4.2 Engineering implementation
Scour depth is the lowering of the riverbed around a bridge pier and is a key parameter for bridge resilience. During severe floods, the stage and velocity rise quickly, forming intense downflow, horseshoe, and wake vortices around the pier. These vortices concentrate shear, mobilize the surrounding sediments, and carry them away, exposing foundations. If the scour depth grows beyond design limits, the pier’s capacity is reduced, and structural failure can occur (Lee and Hong, 2019). This makes scour depth central to flood-resilient design and operations. It must be monitored in time, with procedures to track scour growth and issue early warnings when thresholds are approached. Historically, scour has been the leading cause of bridge failures, with flood-driven high stages and velocities acting as the primary driver of scour development, explored by the current study. Floods cannot be prevented, but their impacts can be managed. At the design stage, prediction of scour depth for the site using hydraulic conditions and credible flood forecasts is crucial. While in operation, the identification of piers at higher risk, scheduling timely strengthening or protection, and, when necessary, temporarily removing a bridge from service to avoid catastrophic outcomes is the need of the day.
The current study goes beyond building a single predictor of pier-scour depth and undertakes a full model development, validation, and interpretation cycle aimed at practical deployment. Multiple machine learners were trained and tuned, and their performance was quantified on both training and testing splits using complementary metrics (R2, RMSE, MAE) to expose accuracy, bias, and dispersion (Rana et al., 2025). To guard against optimistic estimates tied to a particular split, the study ran K-fold cross-validation, summarizing fold-wise scores and variability. The cross-validation framework revealed the metrics to diagnose overfitting (high train/low test, large fold variance) and underfitting (uniformly low scores) rather than relying on a single, whole-dataset score (White and Power, 2023). Residual and parity plots were reviewed alongside the metrics to verify that errors were pattern-free, and that upper-tail behavior was understood. Also, the study emphasized model insights, not only predictions. The employed framework aggregated explanations across the fitted models and generated SHAP analyses to rank the global importance of the hydraulic, geometric, and sediment variables for predicting scour depth and probe local dependence and interactions, e.g., how the effect of approach velocity changes with pier width or initial depth for a specific pier or duration (Nandi and Das, 2025a). These explanations link the learned relationships to hydraulics, help identify regime-dependent behavior (peak-dominated vs. duration-sensitive), and provide actionable levers for design and operations.
Moreover, the workflow was designed for field use. Starting from curated USGS records, targeted feature engineering is applied (including physics-informed estimates of missing drivers such as Vc and T, trained and validated models with transparent checks, and then wrapped the results in a scenario envelope that supports forecasting, triage of at-risk piers, and targeted monitoring or reinforcement. The emphasis is on reproducible, decision-ready outputs rather than record-keeping alone. Furthermore, the study outlines a forward path: incorporating additional toolkits (uncertainty quantification, conformal prediction, dynamic (Vo/Vc) exposure metrics), expanding site-specific scenarios as data improve, and deepening physics–ML integration to better represent near-threshold mobility and extreme events. Taken together, the approach demonstrates how machine learning and AI can be applied systematically and responsibly to strengthen flood-resilient bridge design and operations, while leaving clear hooks for future refinement.
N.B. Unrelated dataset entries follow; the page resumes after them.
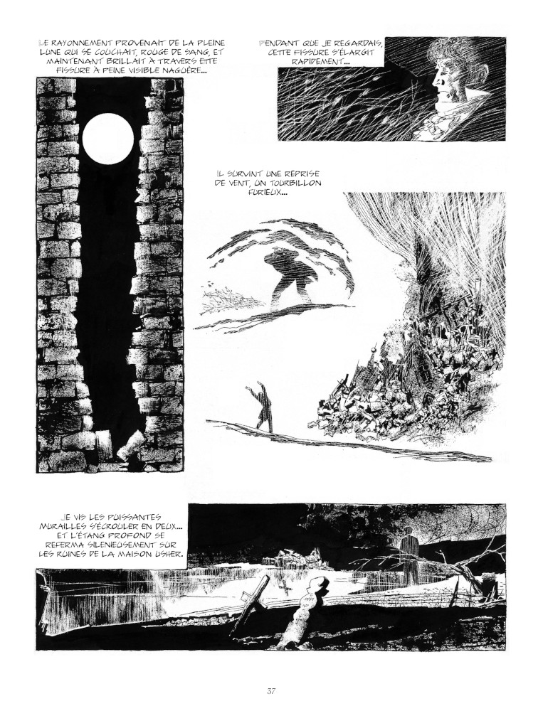 La dernière planche de la bande dessinée se concentre en toute logique sur l’excipit du récit. Le narrateur a tout juste eu le temps de sortir de la maison pour voir la fissure gagner tout le bâtiment. C’est ce que nous représente la première case, tout en verticalité : à travers la large brèche dans la façade, on voit même la pleine lune briller au milieu de la nuit. La case suivante, en haut à gauche, nous dépeint le regard halluciné du narrateur tourné vers cette fissure, ne pouvant s’arracher au spectacle terrifiant qui s’offre à lui. Deux images sans cadre se succèdent sous cette case, montrant la précipitation confuse de l’action : d’abord celle d’« un tourbillon de vent [qui] se déchaîna », entraînant à sa suite un nuage de poussières qui enveloppe le narrateur, et puis celle du bâtiment, à moitié détruit, devant lequel le narrateur ne peut plus contenir sa stupeur. Enfin, la dernière case, tout en horizontalité cette fois-ci, découvre le personnage principal, dans le lointain, au milieu des décombres imperceptibles, avec au premier plan « l’étang sombre se referma[nt] dans son silence sur les ruines de la maison Usher ».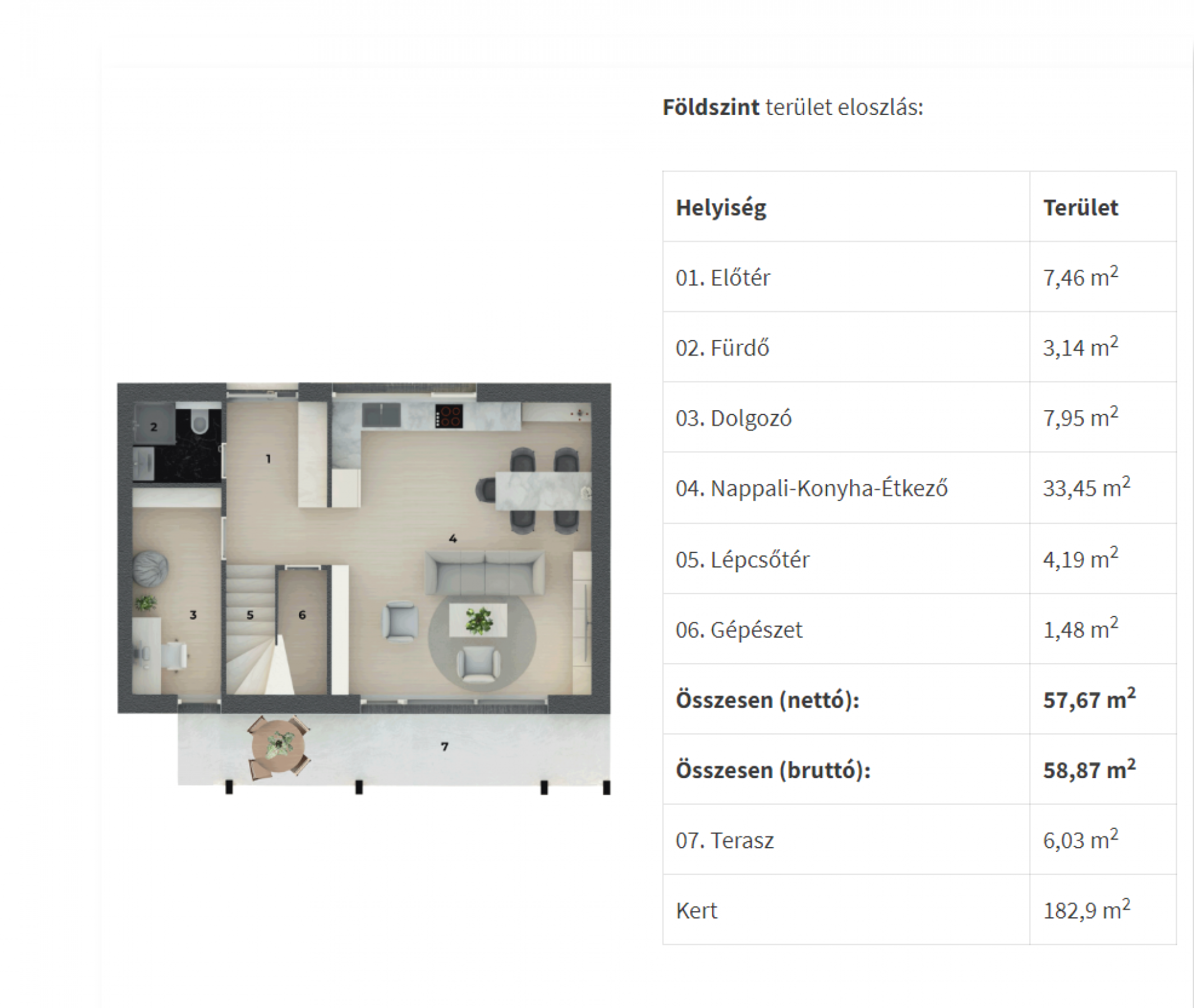 A földszint és az emelet hasznos alapterülete 114,93 m2.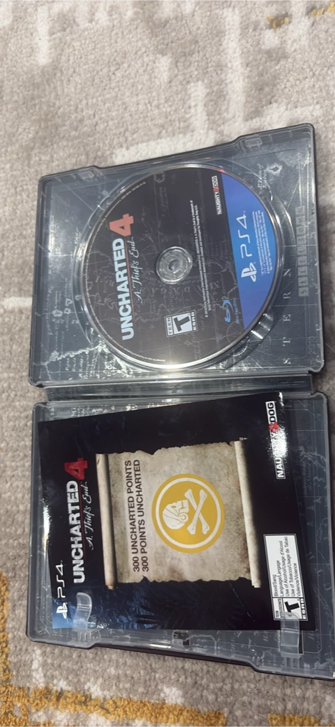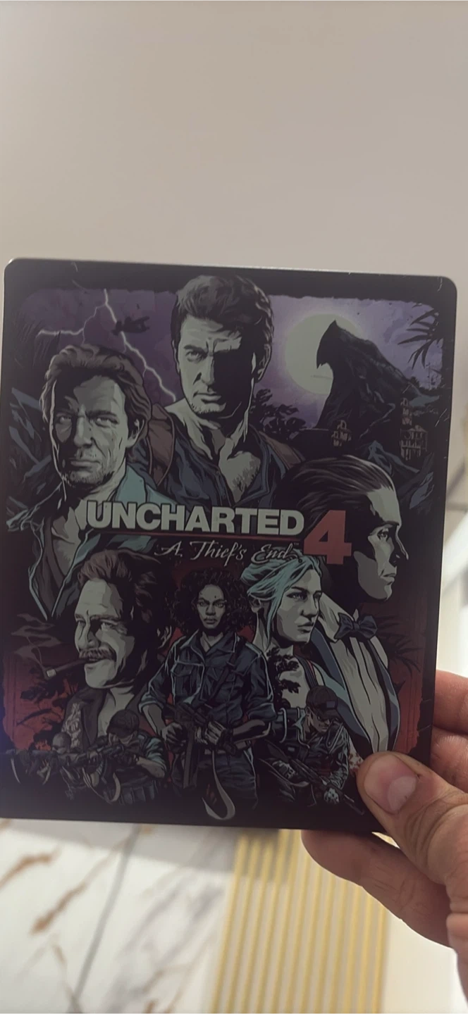 Selling Uncharted 4: A Thief's End for the PS4 in a cool steelbook case! Includes the game disc and a code for 300 Uncharted points.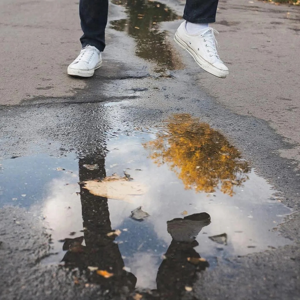 Крупный план ног в простых кедах на фоне мокрого после дождя асфальта. В луже под ногой — размытое, красивое отражение осеннего неба и желтеющих деревьев. Весь кадр — о балансе между шагом здесь-и-сейчас и отражением целого мира вокруг.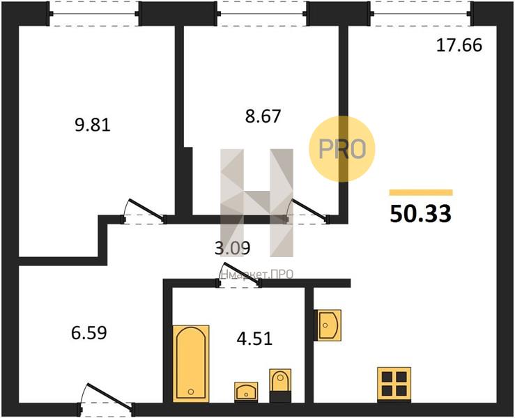 Общая площадь: 50.33 м2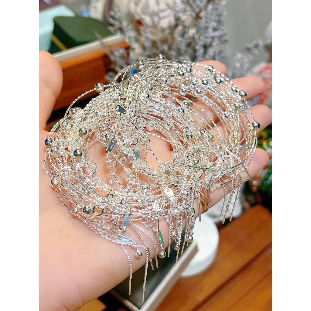 Vòng tay bạc xỏ đá lu thống - lõi bạc xỏ đá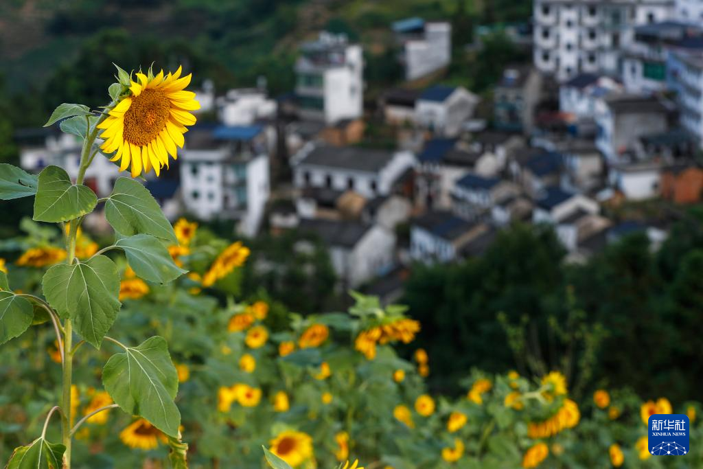 8月1日在安徽省黄山市歙县石潭古村拍摄的向日葵花。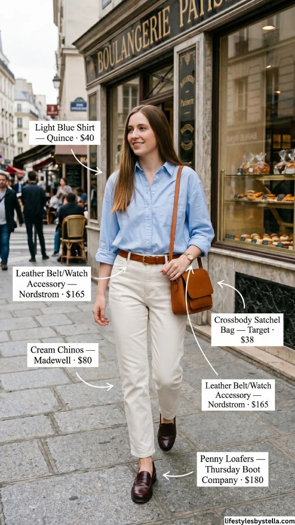 This is the kind of outfit I’d wear if I were wandering through a European city in July — and honestly, it works just as well picking up groceries in your neighborhood. The color palette is soft and intentional: powder blue, warm cream, rich leather tones. Everything complements without competing. If you’re planning a trip and need European summer outfit inspiration, this look translates directly. Swap the chinos for white or ecru straight-leg jeans, keep the loafers, keep the leather accessories — done.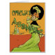 En något tröttsam tittar kvinna på 1990-talet i stil har ett glas grönt Absinthe.
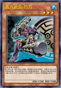 自己场上有「真六武众-竹刀」表侧表示存在的场合,这张卡可以从手卡特殊召唤。此外,1回合1次,可以把这张卡以外的自己场上存在的1只名字带有「六武众」的怪兽解放,选择场上存在的1张卡破坏。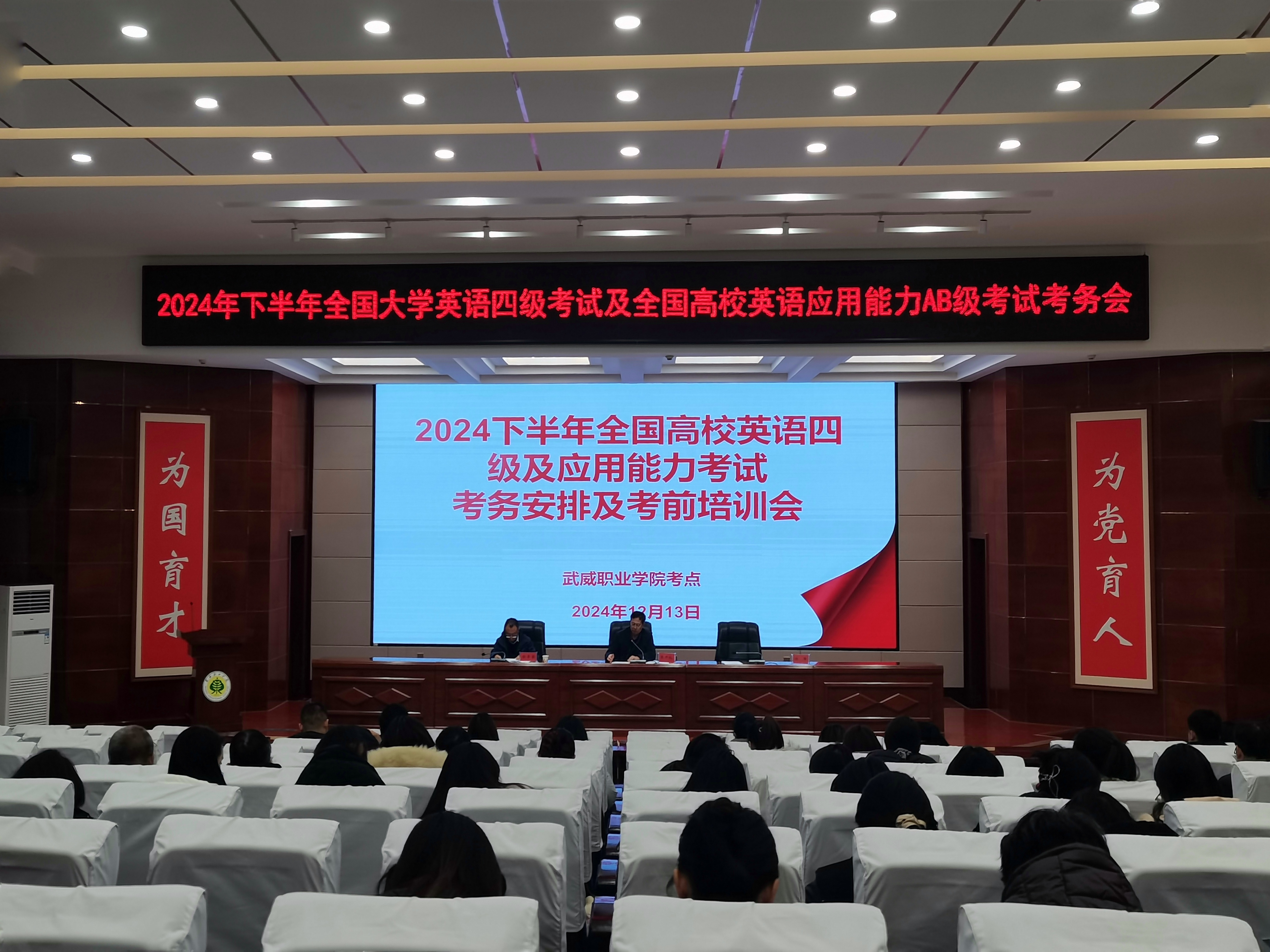 12月13日下午,在菁英廳召開了全國大學(xué)生英語四級暨全國高校英語應(yīng)用能力AB級考試的考務(wù)安排及考前培訓(xùn)會議。會上,黨委副書記、副校長張開禮強(qiáng)調(diào)了考試紀(jì)律的重要性,要求所有監(jiān)考人員和考生嚴(yán)格遵守考試規(guī)定,確??荚嚨墓健⒐晚樌M(jìn)行。培訓(xùn)考試中心主任顏魯薪就考試的各項(xiàng)具體事宜進(jìn)行了詳細(xì)安排,包括考試流程、考場布置、試卷分發(fā)與回收等環(huán)節(jié),確??荚嚬ぷ鞯挠行蜻M(jìn)行。

To check whether the hydraulic structures remain adequate under forecast and design flood conditions, the current study used Knik River bridge piers located in southcentral Alaska as a case study to establish conservative upper limits on pier scour. Scenario analysis translates predictive insights into actionable strategies for flood-resilient bridge design (Kosič et al., 2023). Each pier is tested against four critical stress scenarios: Q99 (representing rare high extremes of Vo, yo, D50, σg), WC-Flow (short, intense floods), WC-VcT (events with low Vc and long T), and WC-Flow + VcT (the most conservative envelope). For each scenario, input variations trigger re-computation of Vc and T, ensuring dynamic consistency in predictions. Design recommendations typically emerge in two forms. Sites where peak flows dominate are best managed with measures that dissipate velocity or split flow, such as guide banks and pier upgrades. While sites sensitive to duration require countermeasures focused on resisting prolonged flood exposure, like strengthening the piers, deeper cutoffs, and toe protection (Lagasse et al., 2001). The WC-Flow + VcT scenario provides an upper benchmark for intervention: piers with predicted ys above established safety limits under this scenario should be prioritized for structural upgrades or heightened flood monitoring. This risk-based framework allows authorities and practitioners to strategically allocate engineering resources by identifying the governing scour scenario for each pier. Sites vulnerable to peak flows and sites sensitive to event duration can be managed with scenario-tailored toolkits, optimizing expenditures and maximizing risk reduction. Importantly, over-design can be avoided where existing resilience is sufficient, as the scenario analysis clarifies which piers require immediate strengthening and which can be safely monitored without strengthening. This targeted approach provides a robust pathway for enhancing bridge safety and longevity, especially under future flood uncertainty.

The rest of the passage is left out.